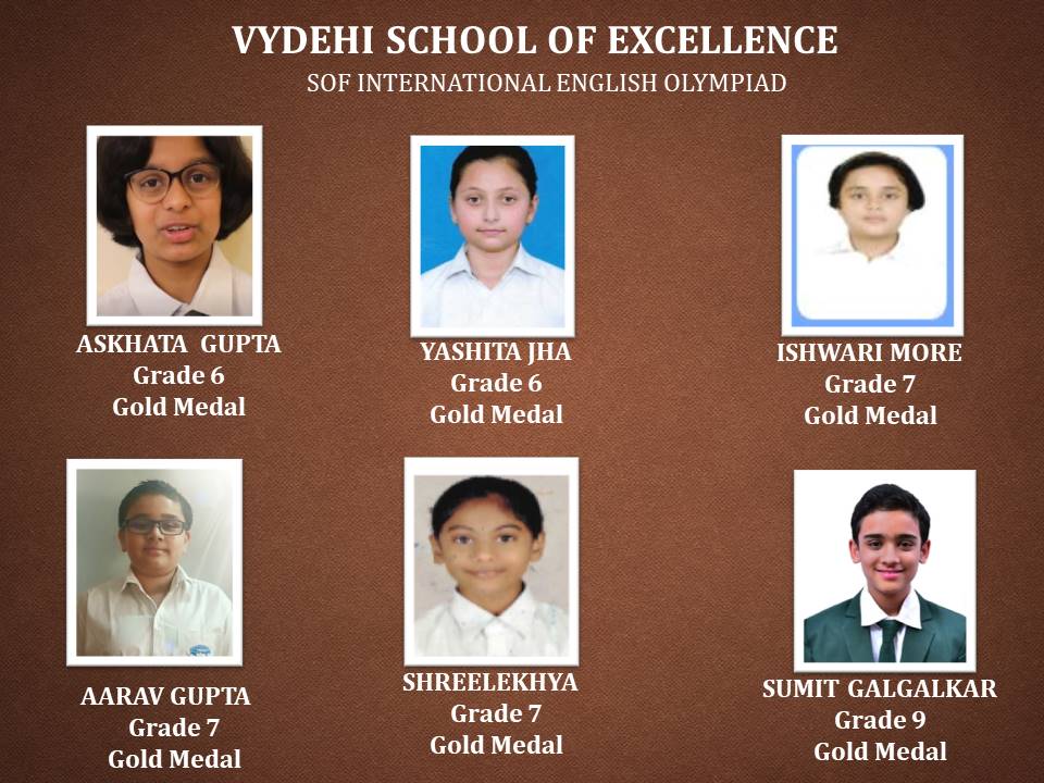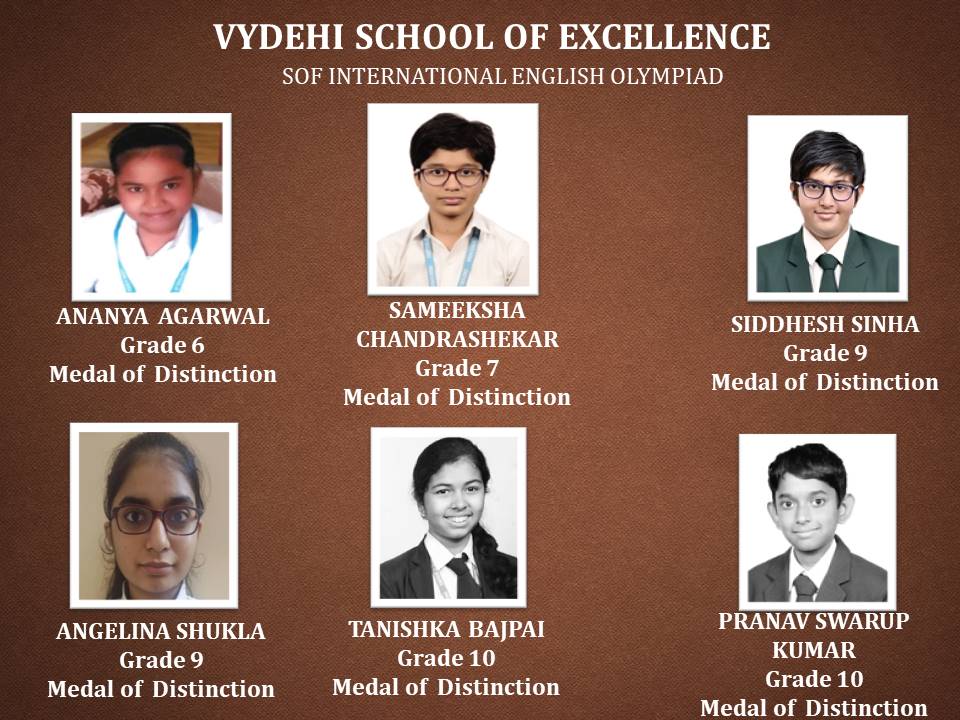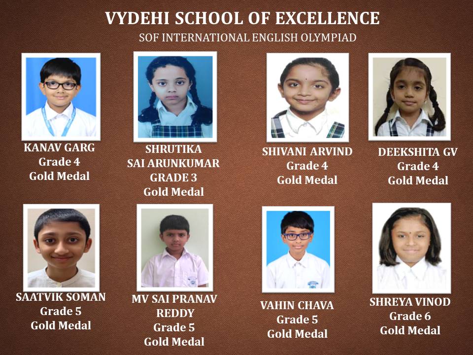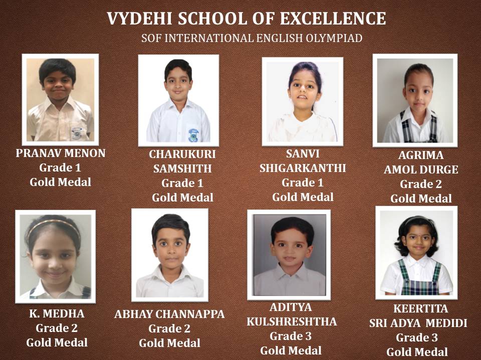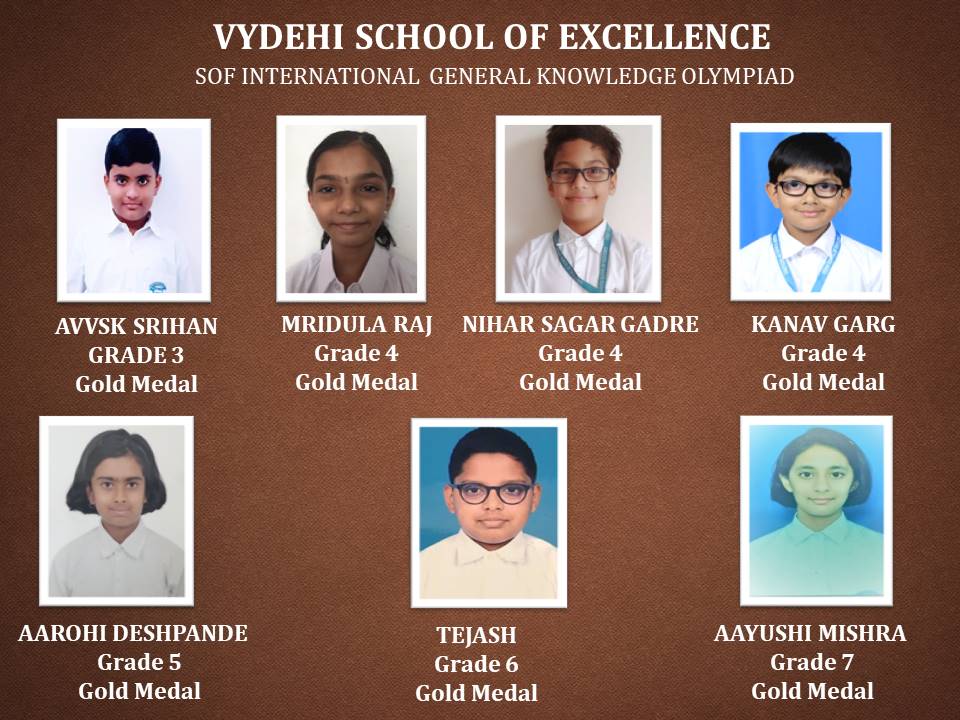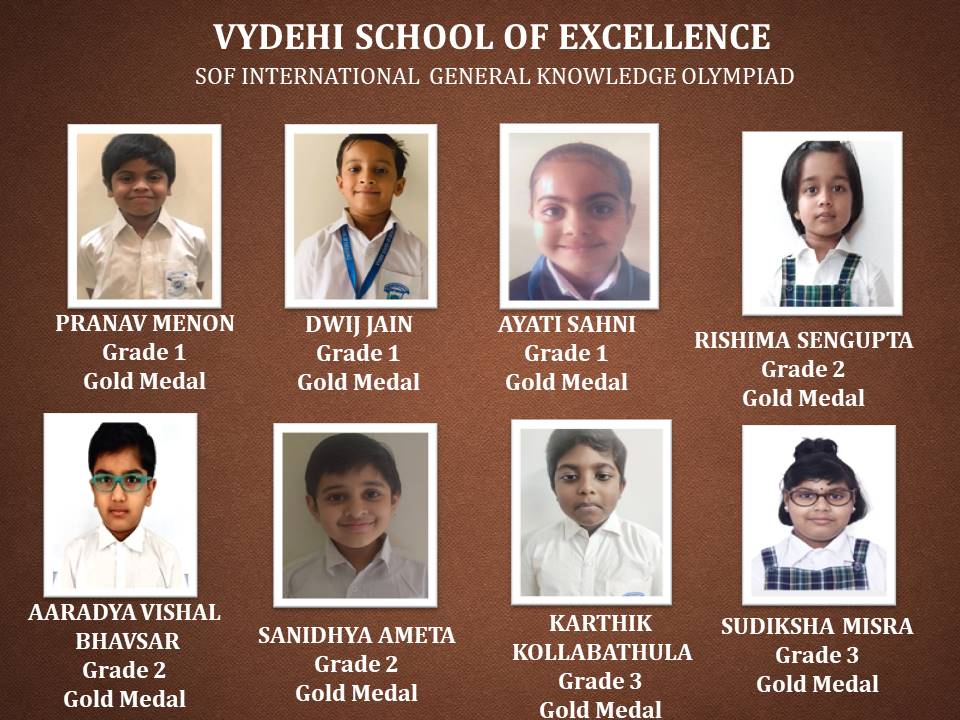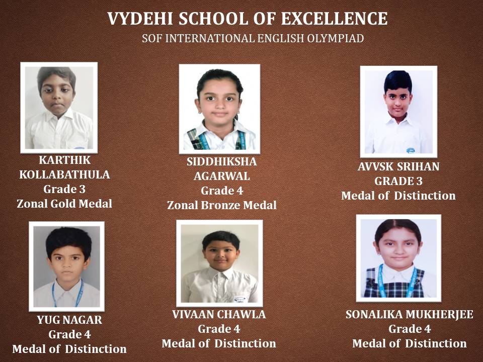 Olympiad exams evaluate the conceptual learning, reasoning, analytical, and problem-solving skills of a student from an early age. It aims to provide a unique competitive platform to identify the young geniuses and create future talent pool. Disseminate knowledge and information on the latest developments in science and technology and other subjects, Science Olympiad Foundation (SOF) conducted various academic competitions for our students. Vydehi School of Excellence is proud to announce the various level winners of SOF International English & General Knowledge Olympiad.
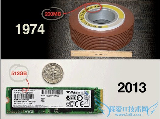 4、如果不看技术,只看功能方面,差距更大。1974年的机械硬盘容量只有200MB,重达10磅。而2013年一个东芝512GB的PCIe NAND闪存磁盘,只有一条内存大小:
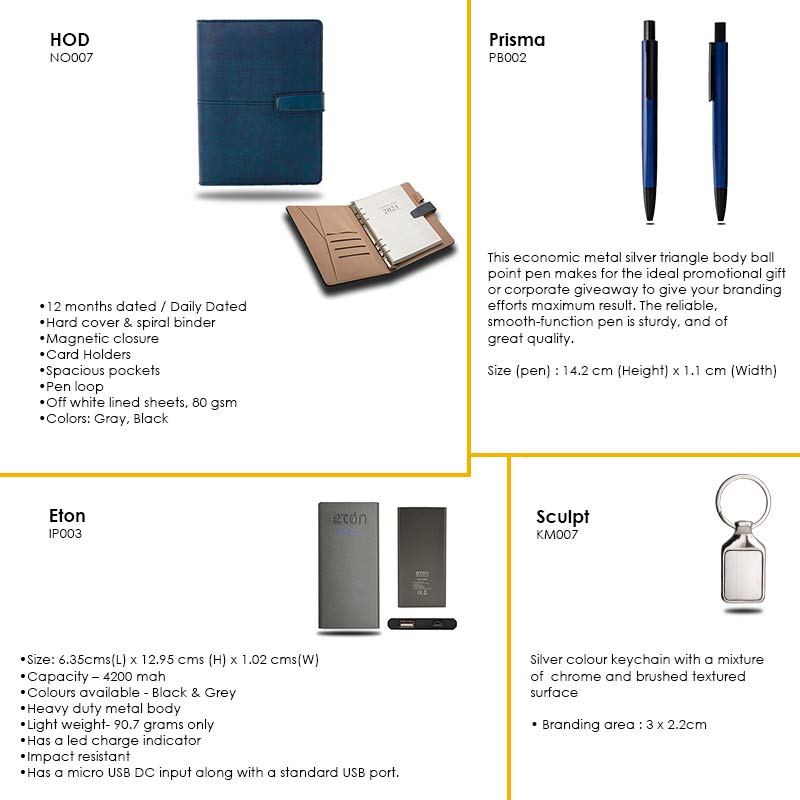 Rule 1 of promotional gifting- make it count. This 4-piece giftset definitely does that, with its classy, elegant, and resourceful pieces, that are sure to be used everyday and maximize branding. Consisting of:
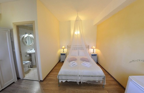 This room forms part of Adamantia Traditional Apartments & Studios and is located in Gaios, the capital of Paxos. It is on the ground floor and has a courtyard where the guests can enjoy the view of the surrounding olive trees and the Ionian sea in the background.
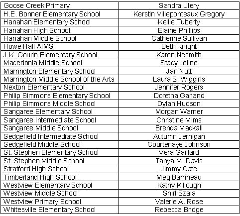 BERKELEY COUNTY, S.C.–Berkeley County School District (BCSD) announces its 2017 Teachers of the Year. These educators will be considered for 2017 District Teacher of the Year.

#### INSTRUCTIONS TO FOLLOW
Beginning at the line with "4、如果不看技术,只看功能方" and ending at the last line of the listing above, retype each line exactly, including those two lines. Leave the pictures out.

#### WRITTEN SOLUTION
 4、如果不看技术,只看功能方面,差距更大。1974年的机械硬盘容量只有200MB,重达10磅。而2013年一个东芝512GB的PCIe NAND闪存磁盘,只有一条内存大小:
 Rule 1 of promotional gifting- make it count. This 4-piece giftset definitely does that, with its classy, elegant, and resourceful pieces, that are sure to be used everyday and maximize branding. Consisting of:
 This room forms part of Adamantia Traditional Apartments & Studios and is located in Gaios, the capital of Paxos. It is on the ground floor and has a courtyard where the guests can enjoy the view of the surrounding olive trees and the Ionian sea in the background.
 BERKELEY COUNTY, S.C.–Berkeley County School District (BCSD) announces its 2017 Teachers of the Year. These educators will be considered for 2017 District Teacher of the Year.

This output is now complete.